Troubleshooting

Common issues and solutions for ops0 platform.

Authentication & Access

"Access Denied" when connecting cloud provider

Symptoms: Integration test fails with access denied or insufficient permissions.

Solutions:

AWS: Verify IAM Role

Verify the IAM role trust policy includes ops0's AWS account ID.

AWS: Check External ID

Check the external ID matches what ops0 shows.

GCP: Workload Identity

Ensure Workload Identity Federation is configured correctly.

Azure: Service Principal

Verify the service principal has the Contributor role.

Symptoms: Unable to log in via SSO, redirect loop, or error page.

Solutions:

Check	Solution
SSO provider configuration	Verify ACS URL and Entity ID match ops0 settings
Certificate expiration	Update SAML certificate if expired
User provisioning	Ensure user exists in both SSO provider and ops0
Browser cookies	Clear cookies and try again

Terraform & IaC

"Terraform init failed"

Symptoms: Project fails to initialize, missing providers.

Solutions:

Check provider version constraints

Ensure your required_providers block is valid:

terraform {
  required_providers {
    aws = {
      source  = "hashicorp/aws"
      version = "~> 5.0"
    }
  }
}

"State lock failed"

Symptoms: Can't run plan or apply, state is locked.

Solutions:

Wait for other operations to complete - Another deployment may be in progress
Check for failed workflows - A crashed workflow may have left a lock
Contact support - If lock is stuck, support can safely release it

"Terraform plan shows unexpected changes"

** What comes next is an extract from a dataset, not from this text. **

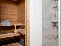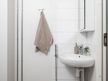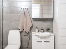 - Varustus: pesukoneliitäntä, lattialämmitys, wc-istuin, suihku, peili, kiinteät valaisimet, kylpyhuonekaapisto. Varustus: peilikaappi, bidee-suihku.
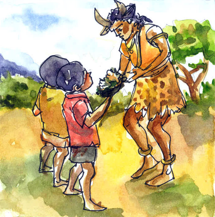 "అవును మామా! ఇతను మంచివాడే- తన పేరు 'హు హు'- వింధ్యపర్వతాల నడుమన ఉన్న అడవిలో వీళ్ళ జాతివాళ్ళు ఏ కొద్దిమందో మాత్రం ఉన్నారట. రాక్షసుల్లాగా పెద్ద పెద్ద శరీరాలుంటాయి వీళ్లకి- అయినా వీళ్లు మాంసం తినరు- మనలాంటి మనుషులే కద, వీళ్ళూనూ!

Symptoms: Plan shows changes even though you didn't modify anything.

Common causes:

Cause	Solution
Drift	Someone changed resources manually in the console
Provider upgrade	New provider version changed default values
State refresh	Cloud API returned different values

Run Drift Detection to see what changed and decide whether to update code or revert the change.

Kubernetes

"Cluster not connecting"

Symptoms: Cluster shows disconnected, no pod data.

Solutions:

Check ops0 agent is running

kubectl get pods -n ops0

Check agent logs

kubectl logs -n ops0 -l app=ops0-agent

Verify outbound connectivity

Ensure connectivity from the agent to the ops0 control plane endpoint used by brew.ops0.ai over port 443.

Check network policies

Check for network policies blocking egress.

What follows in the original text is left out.